_Exercise requirements_:
Leave the pictures out. Return all other data exactly.
=======
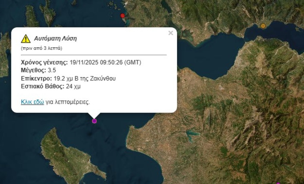 Σεισμός σημειώθηκε στις 11:50 το πρωί της Τετάρτης (19/11) κοντά στην Κεφαλονιά. Έγινε αισθητός σε περιοχές της Αιτωλοακαρνανίας.
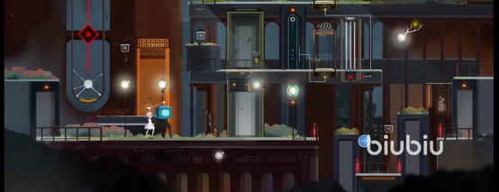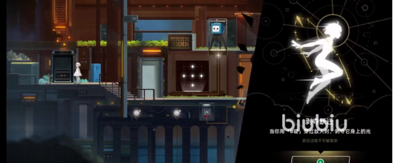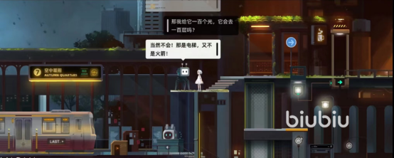 依然是乘坐巴士来到新的站台下车。我们径直走向源。上面会提示你光的数量决定了楼层。乘坐升降梯上顶楼点亮门。回到小npc处修复它。这是向导机器人701。它继续为做出这一关的简单介绍。前方区域是特有的高层光控电梯。它会根据启动电梯的时候能源数量去决定你会抵达的楼层。比如说你给电梯一个光,它就带你去一层。这里还有个小玩笑,挺萌的对话。
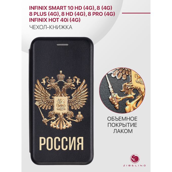 Чехол книжка Book для Infinix Smart 10 HD (4G), Smart 8 (4G), Smart 8 Plus (4G), Smart 8 HD (4G), Smart 8 Pro (4G), Hot 40i (4G) с рисунком, с магнитом, черный с принтом РОССИЯ ОРЁЛ, с защитным лаковым покрытием (Инфиникс Смарт 10 8 Плюс Про HD Хот 40i)
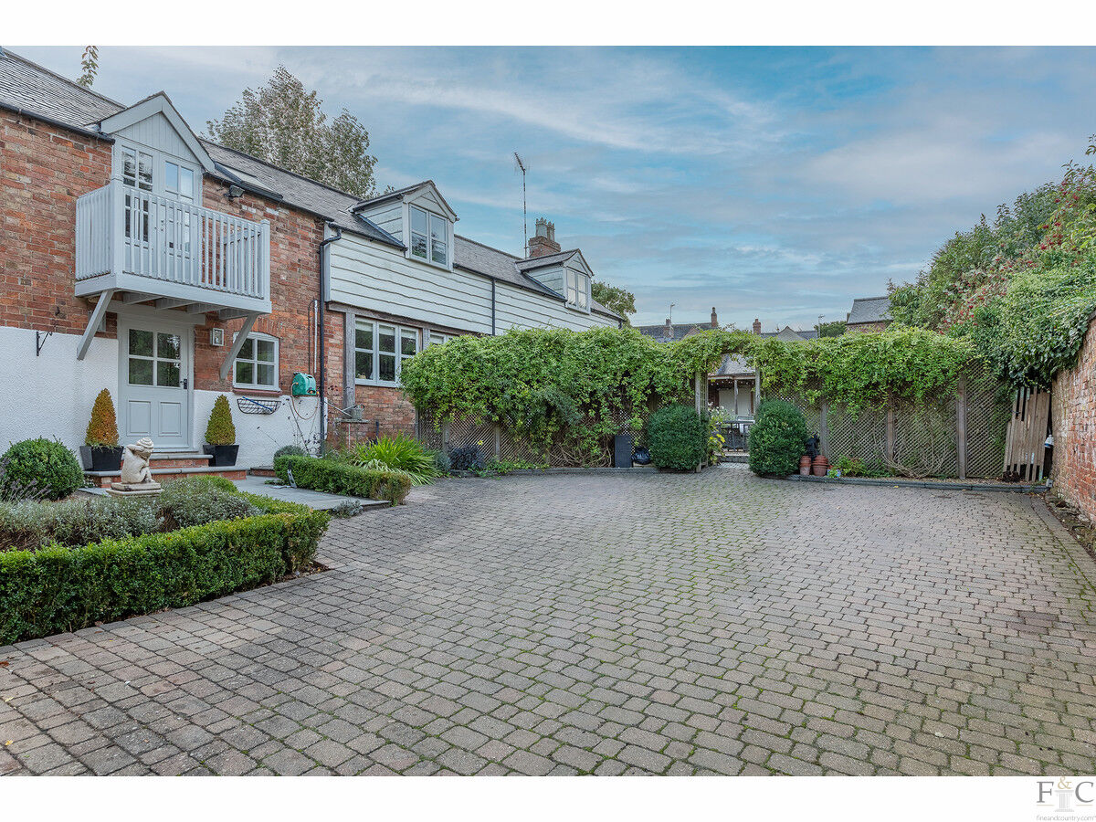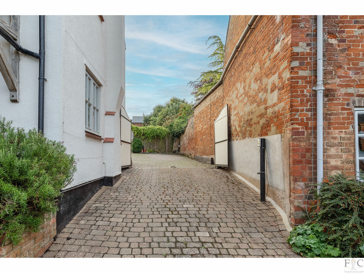 Outside, a block-paved driveway to the side of the property provides off-road parking, with electric timber gates leading to secure parking for 2-3 additional vehicles.
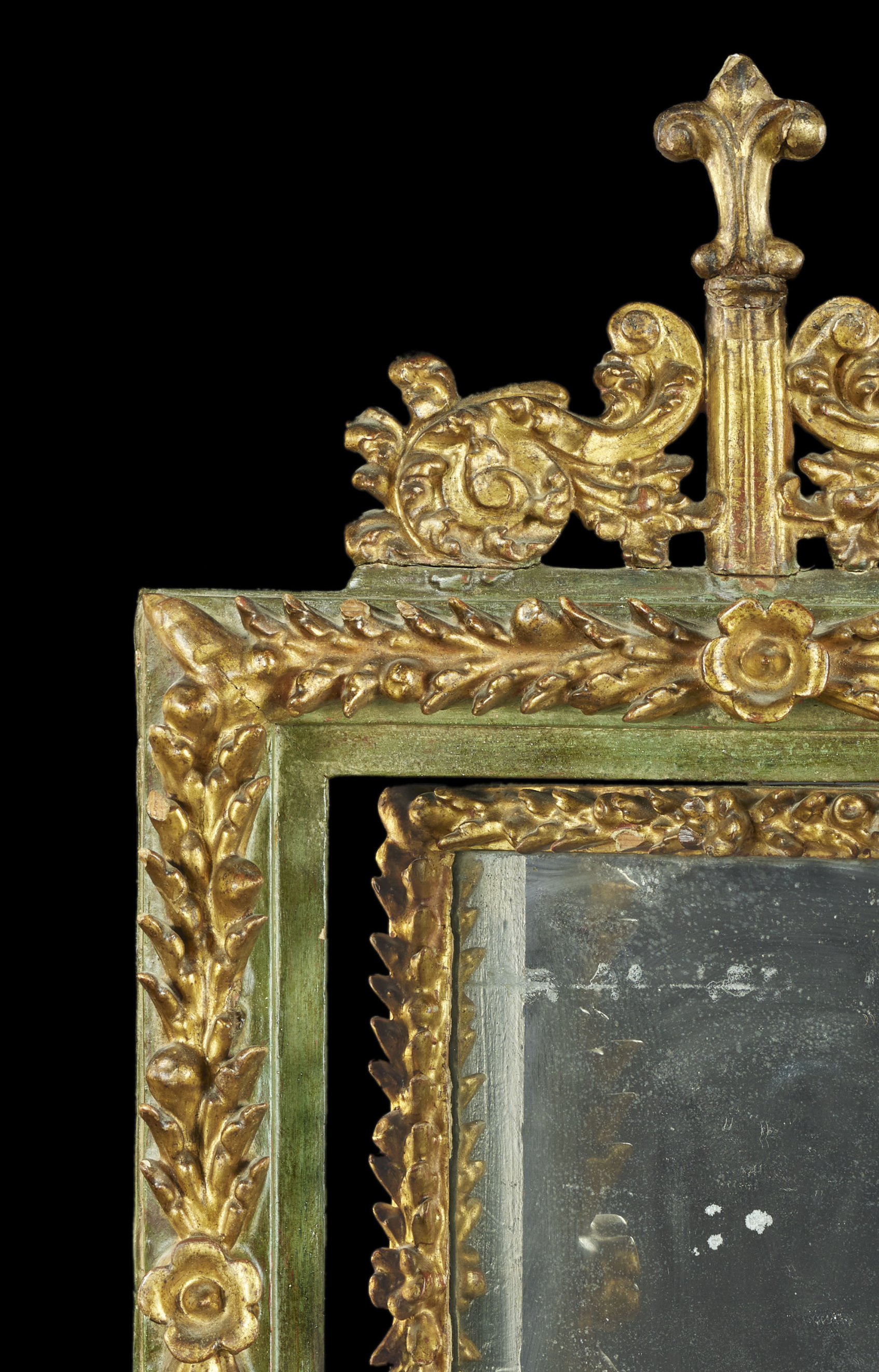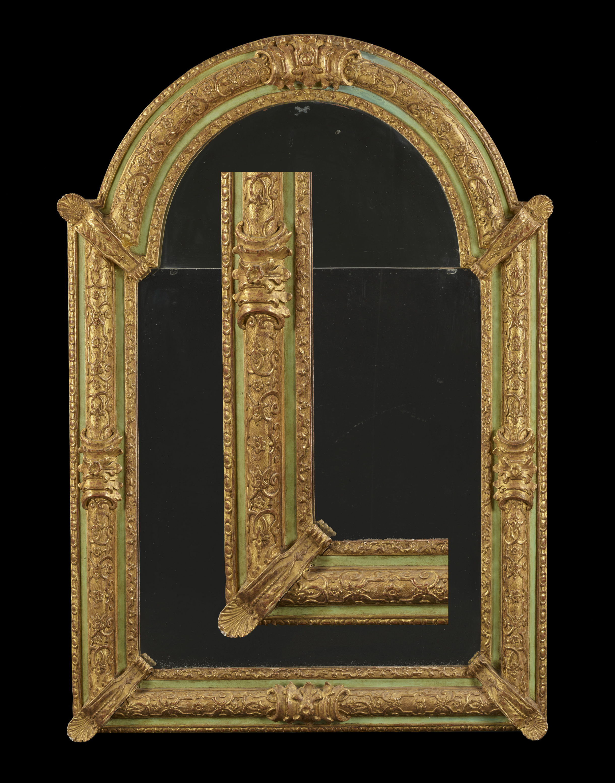 Lot 56: described as a French Régence looking-glass frame, this is more likely to be a Louis XIV updating of a Louis XIII pattern; an arched-top and shouldered picture frame for a sacred work, possibly a Crucifixion, and dating from the late 17thcentury; of carved giltwood with later mirrored plate, the green lacquered finish also possibly later, it has a torus profile with an ovolo chain at the back edge; the torus decorated with strapwork and flowers on a cross-hatched ground, and centred on each rail with scrolled, foliate and flowered clasps; with applied leaf-&-shell straps concealing the mitres; with undulating strapwork and leaf buds on a cross-hatched ground at the sight edge; 165 x 114 cm.; estimate: €4,000-6,000
=======
_Answer for the task_:
 Σεισμός σημειώθηκε στις 11:50 το πρωί της Τετάρτης (19/11) κοντά στην Κεφαλονιά. Έγινε αισθητός σε περιοχές της Αιτωλοακαρνανίας.
 依然是乘坐巴士来到新的站台下车。我们径直走向源。上面会提示你光的数量决定了楼层。乘坐升降梯上顶楼点亮门。回到小npc处修复它。这是向导机器人701。它继续为做出这一关的简单介绍。前方区域是特有的高层光控电梯。它会根据启动电梯的时候能源数量去决定你会抵达的楼层。比如说你给电梯一个光,它就带你去一层。这里还有个小玩笑,挺萌的对话。
 Чехол книжка Book для Infinix Smart 10 HD (4G), Smart 8 (4G), Smart 8 Plus (4G), Smart 8 HD (4G), Smart 8 Pro (4G), Hot 40i (4G) с рисунком, с магнитом, черный с принтом РОССИЯ ОРЁЛ, с защитным лаковым покрытием (Инфиникс Смарт 10 8 Плюс Про HD Хот 40i)
 Outside, a block-paved driveway to the side of the property provides off-road parking, with electric timber gates leading to secure parking for 2-3 additional vehicles.
 Lot 56: described as a French Régence looking-glass frame, this is more likely to be a Louis XIV updating of a Louis XIII pattern; an arched-top and shouldered picture frame for a sacred work, possibly a Crucifixion, and dating from the late 17thcentury; of carved giltwood with later mirrored plate, the green lacquered finish also possibly later, it has a torus profile with an ovolo chain at the back edge; the torus decorated with strapwork and flowers on a cross-hatched ground, and centred on each rail with scrolled, foliate and flowered clasps; with applied leaf-&-shell straps concealing the mitres; with undulating strapwork and leaf buds on a cross-hatched ground at the sight edge; 165 x 114 cm.; estimate: €4,000-6,000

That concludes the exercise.